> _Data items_
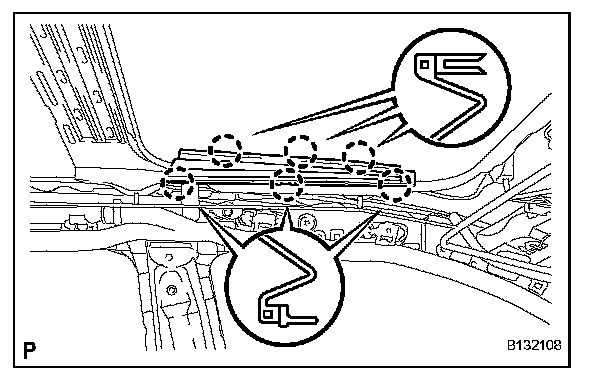 a. Disengage the 6 claws and remove the sliding roof side garnish LH.
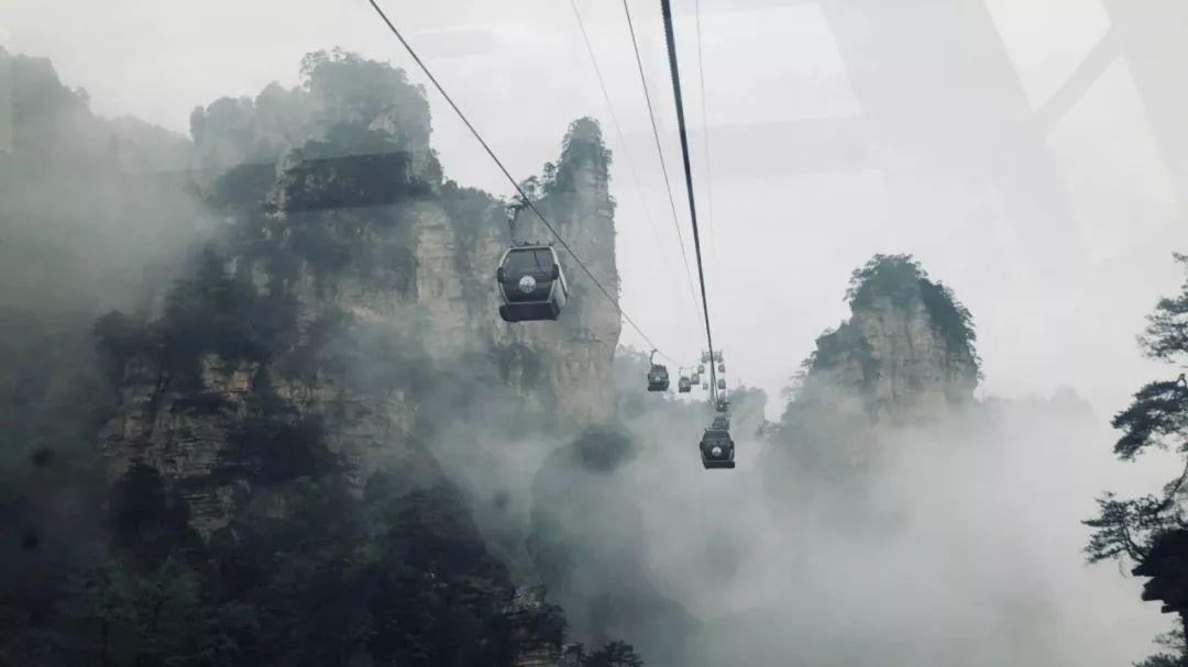 再次冲破茫茫云层,人间的景象渐现于眼前。天微雨,雾如纱,小小的缆车漫游在寥廓的山天之间,载满了少年少女们如花的笑颜。短暂邂逅的刹那间,却留下记忆的永远。
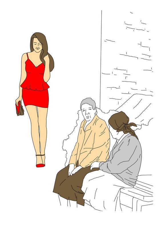 – Ну ты посмотри на неё, посмотри! И куда она собралась? Ивановна, ну ты погляди, погляди, как эта, с восьмой квартиры-то, нафуфырилась! А юбку-то какую надела! Господи, светится, как марля! Там же всё видать! Вот проститутка!
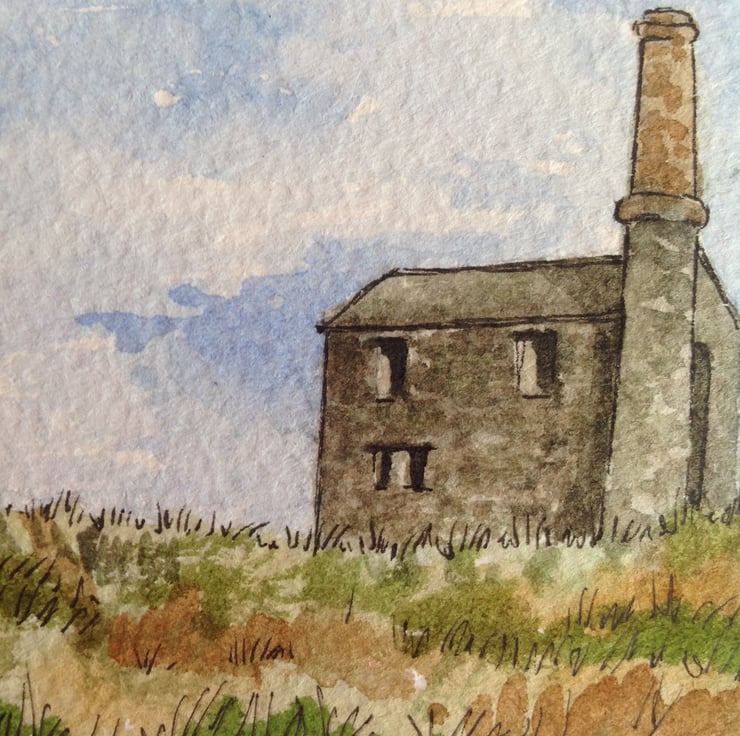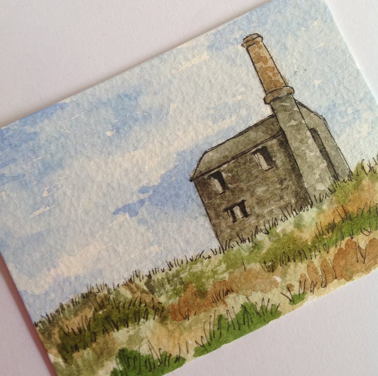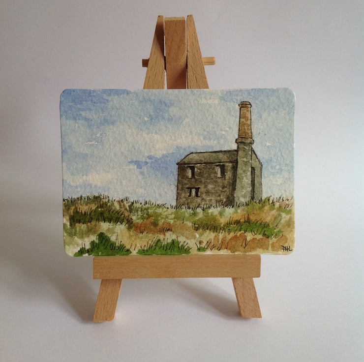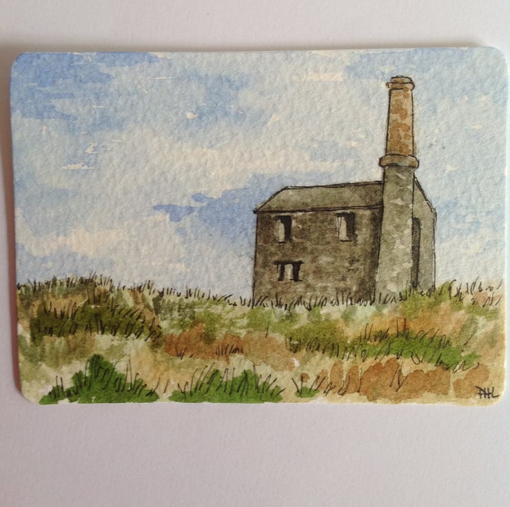 This ACEO is an original, hand painted watercolour of an old tin mine in Cornwall. It measures 2.5 x 3.5 inches (63 x 89mm).
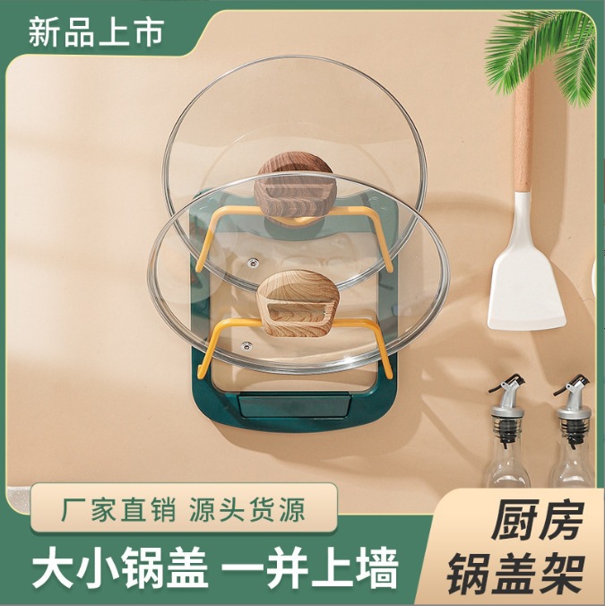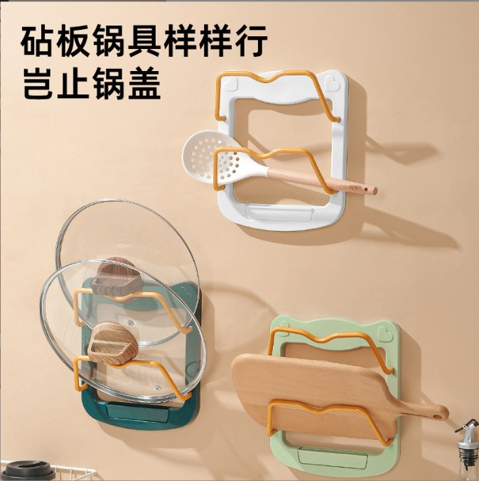 다기능 가정용 벽 장착 팟 커버 랙 주방 펀치 프리 팟 커버 랙 스토리지 랙 도마 스토리지 랙
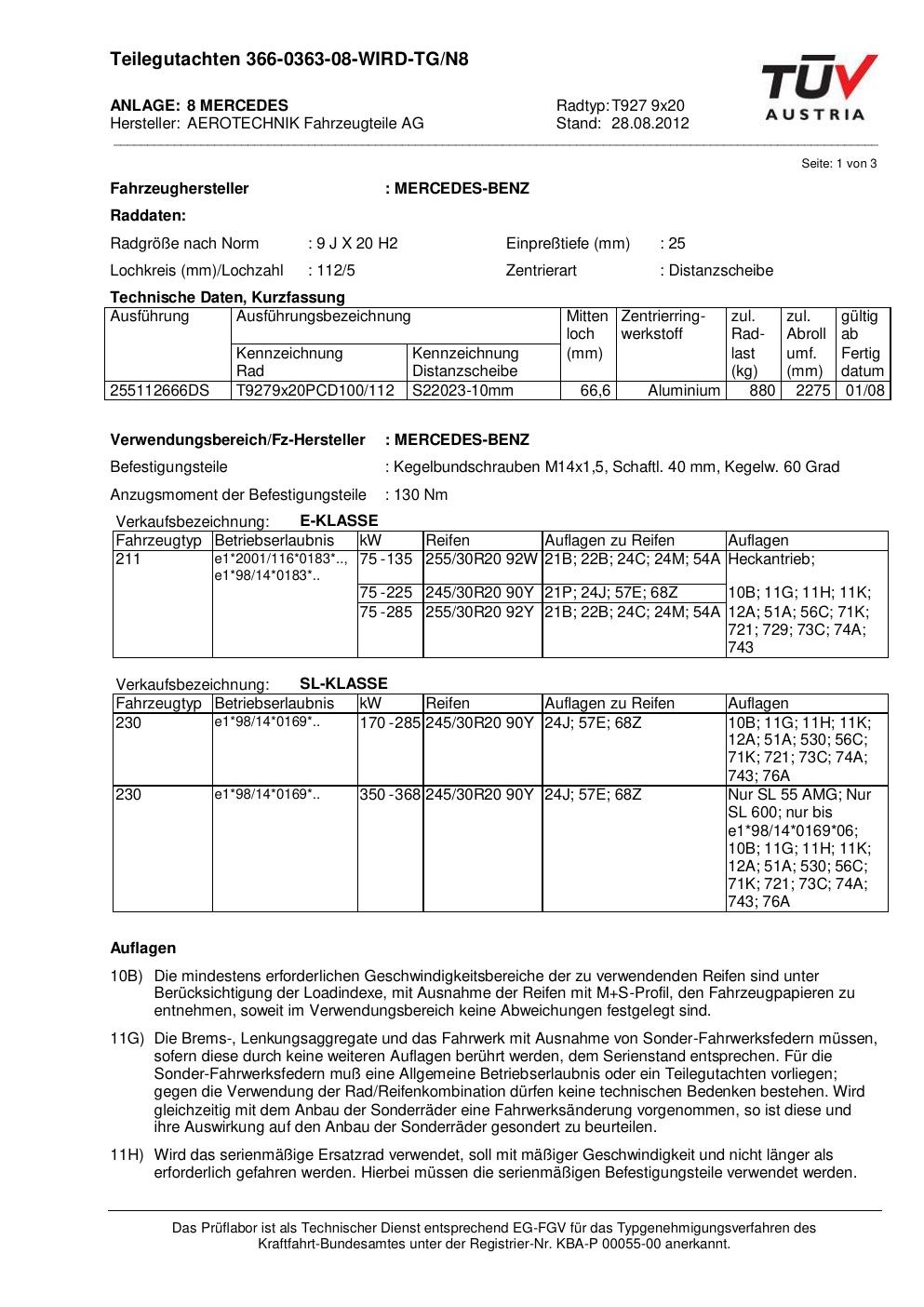 Dieses Gutachten (teilegutachten) bezieht sich auf die Alufelge ATS T927 9x20 in der Ausführung 9Jx2 ET 0, Mittenloch 0 mm . Im PDF findest du typischerweise zulässige Reifengrößen, Auflagen/Anbauhinweise und – je nach Dokument – Hinweise zur Eintragung.
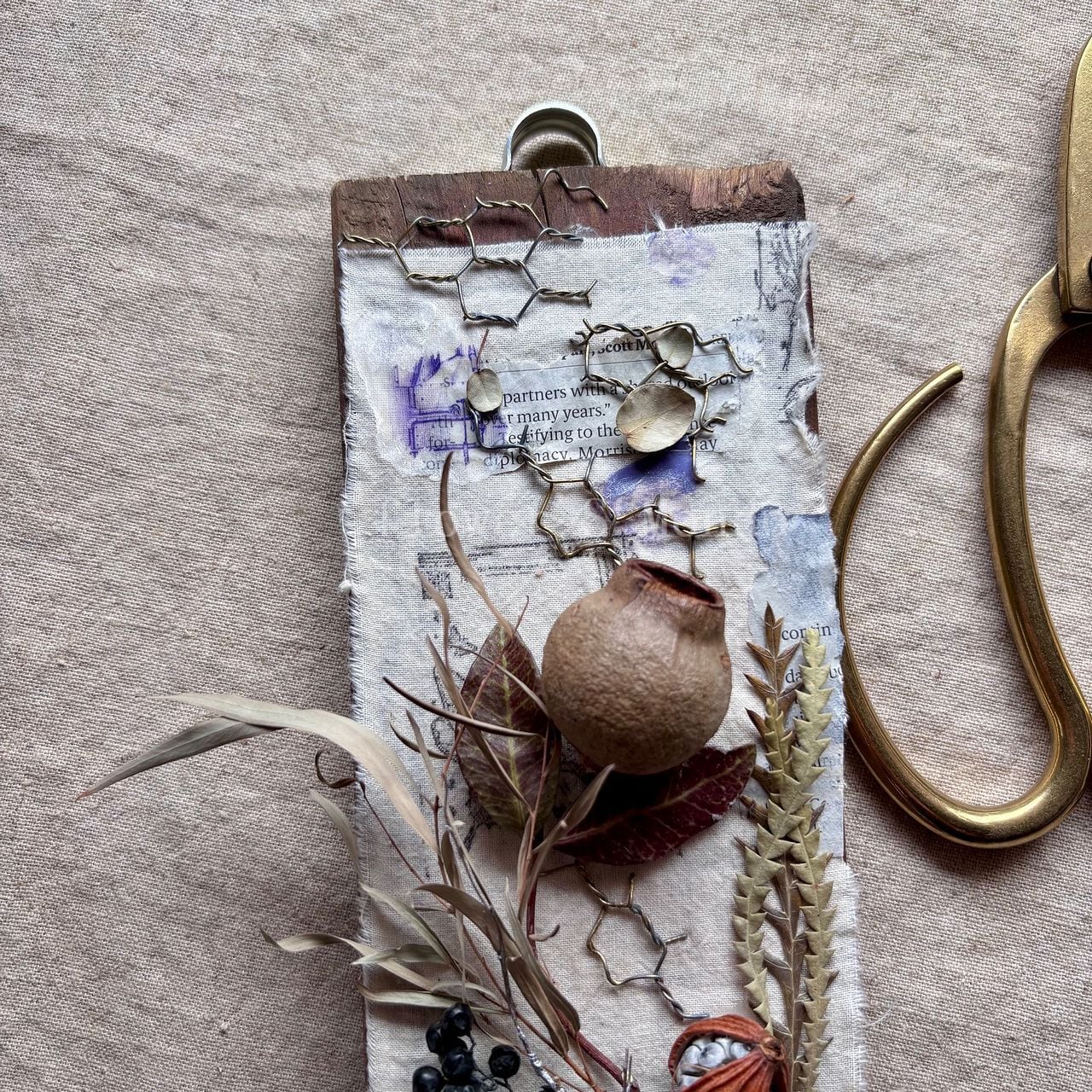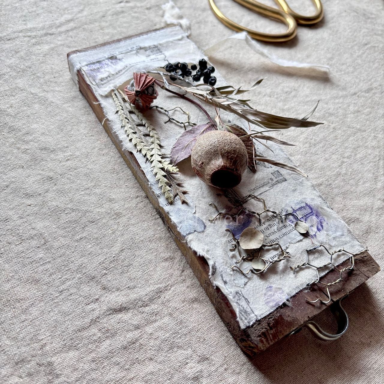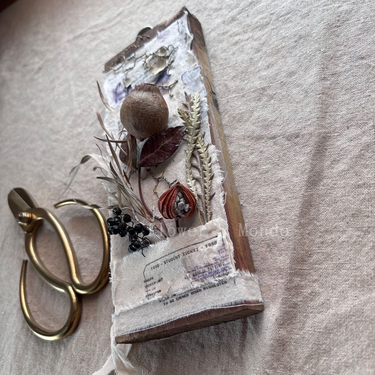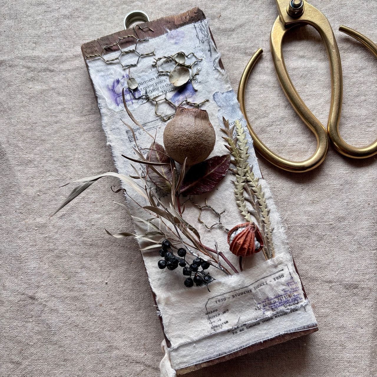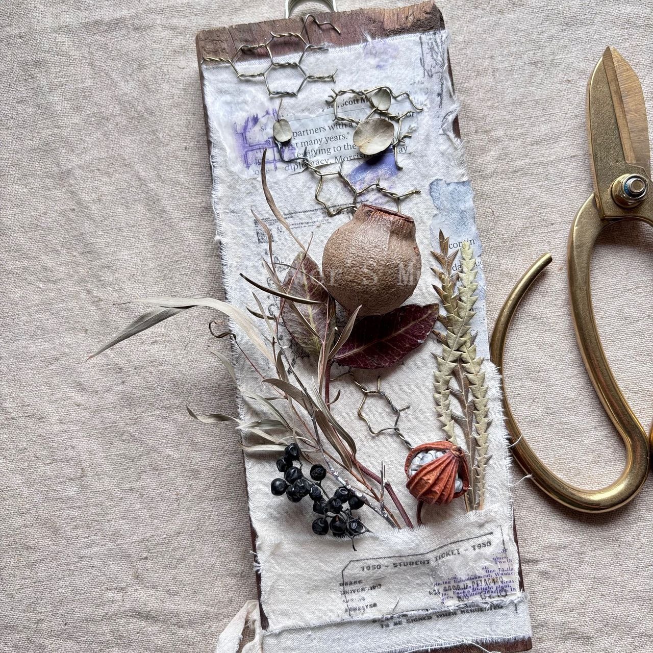 ■ 主材料 ドライフラワー/木の実/リネン/ワイヤーネット

> _Task statement_
The entries above are to be restated verbatim, with no pictures carried over.

> _Exercise result_
 a. Disengage the 6 claws and remove the sliding roof side garnish LH.
 再次冲破茫茫云层,人间的景象渐现于眼前。天微雨,雾如纱,小小的缆车漫游在寥廓的山天之间,载满了少年少女们如花的笑颜。短暂邂逅的刹那间,却留下记忆的永远。
 – Ну ты посмотри на неё, посмотри! И куда она собралась? Ивановна, ну ты погляди, погляди, как эта, с восьмой квартиры-то, нафуфырилась! А юбку-то какую надела! Господи, светится, как марля! Там же всё видать! Вот проститутка!
 This ACEO is an original, hand painted watercolour of an old tin mine in Cornwall. It measures 2.5 x 3.5 inches (63 x 89mm).
 다기능 가정용 벽 장착 팟 커버 랙 주방 펀치 프리 팟 커버 랙 스토리지 랙 도마 스토리지 랙
 Dieses Gutachten (teilegutachten) bezieht sich auf die Alufelge ATS T927 9x20 in der Ausführung 9Jx2 ET 0, Mittenloch 0 mm . Im PDF findest du typischerweise zulässige Reifengrößen, Auflagen/Anbauhinweise und – je nach Dokument – Hinweise zur Eintragung.
 ■ 主材料 ドライフラワー/木の実/リネン/ワイヤーネット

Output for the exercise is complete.